WHAT YOU ARE ASKED TO DO
All pictures are to be excluded when the data below is output verbatim.

DATASET EXTRACT
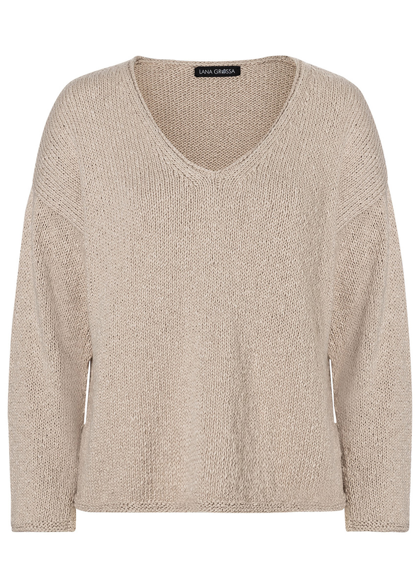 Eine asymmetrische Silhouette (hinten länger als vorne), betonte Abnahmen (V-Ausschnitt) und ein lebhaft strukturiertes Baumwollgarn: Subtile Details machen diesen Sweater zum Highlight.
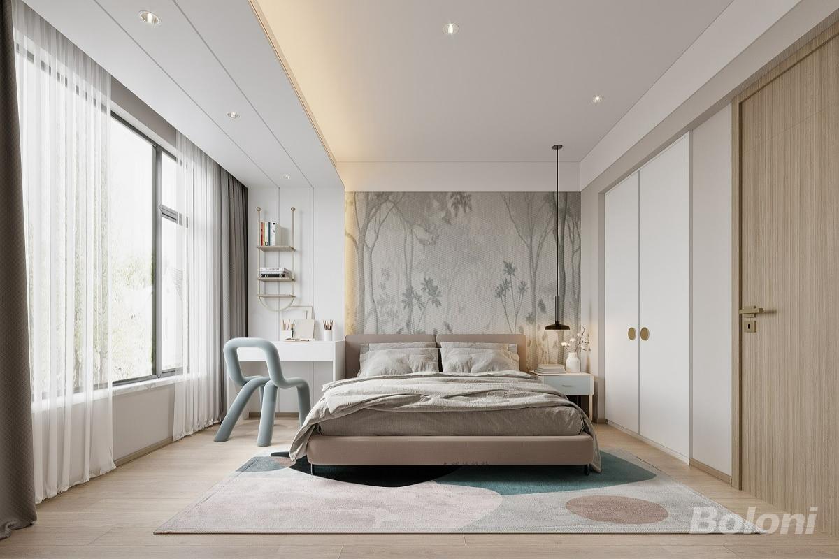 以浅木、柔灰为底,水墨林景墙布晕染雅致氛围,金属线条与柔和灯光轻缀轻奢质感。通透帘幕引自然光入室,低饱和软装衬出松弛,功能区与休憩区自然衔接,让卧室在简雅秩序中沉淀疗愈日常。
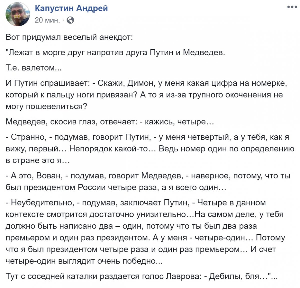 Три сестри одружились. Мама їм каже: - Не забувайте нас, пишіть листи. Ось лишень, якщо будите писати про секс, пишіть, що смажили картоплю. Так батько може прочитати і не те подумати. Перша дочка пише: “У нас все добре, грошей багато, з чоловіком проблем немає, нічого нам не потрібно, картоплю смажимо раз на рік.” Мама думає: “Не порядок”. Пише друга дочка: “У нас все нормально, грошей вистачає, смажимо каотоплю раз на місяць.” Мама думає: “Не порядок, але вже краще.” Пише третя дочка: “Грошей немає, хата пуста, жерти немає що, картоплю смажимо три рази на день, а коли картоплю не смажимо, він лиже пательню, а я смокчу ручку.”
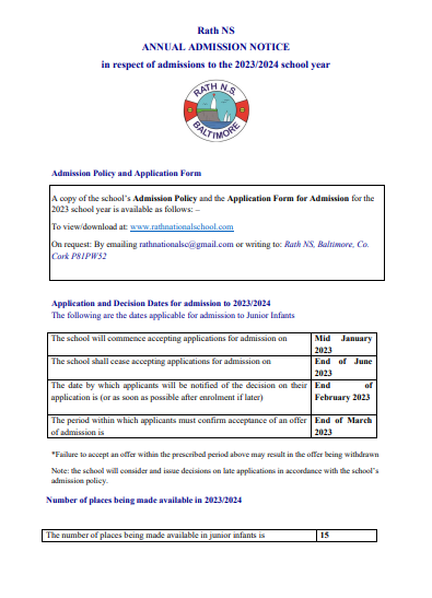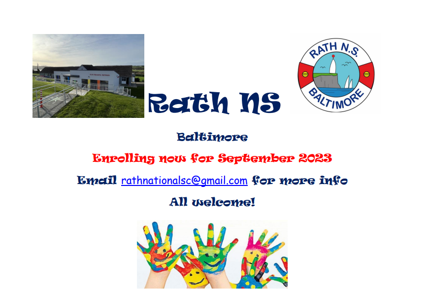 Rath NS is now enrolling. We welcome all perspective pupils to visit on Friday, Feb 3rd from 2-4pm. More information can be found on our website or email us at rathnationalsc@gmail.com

OUTPUT OF THE TASK
 Eine asymmetrische Silhouette (hinten länger als vorne), betonte Abnahmen (V-Ausschnitt) und ein lebhaft strukturiertes Baumwollgarn: Subtile Details machen diesen Sweater zum Highlight.
 以浅木、柔灰为底,水墨林景墙布晕染雅致氛围,金属线条与柔和灯光轻缀轻奢质感。通透帘幕引自然光入室,低饱和软装衬出松弛,功能区与休憩区自然衔接,让卧室在简雅秩序中沉淀疗愈日常。
 Три сестри одружились. Мама їм каже: - Не забувайте нас, пишіть листи. Ось лишень, якщо будите писати про секс, пишіть, що смажили картоплю. Так батько може прочитати і не те подумати. Перша дочка пише: “У нас все добре, грошей багато, з чоловіком проблем немає, нічого нам не потрібно, картоплю смажимо раз на рік.” Мама думає: “Не порядок”. Пише друга дочка: “У нас все нормально, грошей вистачає, смажимо каотоплю раз на місяць.” Мама думає: “Не порядок, але вже краще.” Пише третя дочка: “Грошей немає, хата пуста, жерти немає що, картоплю смажимо три рази на день, а коли картоплю не смажимо, він лиже пательню, а я смокчу ручку.”
 Rath NS is now enrolling. We welcome all perspective pupils to visit on Friday, Feb 3rd from 2-4pm. More information can be found on our website or email us at rathnationalsc@gmail.com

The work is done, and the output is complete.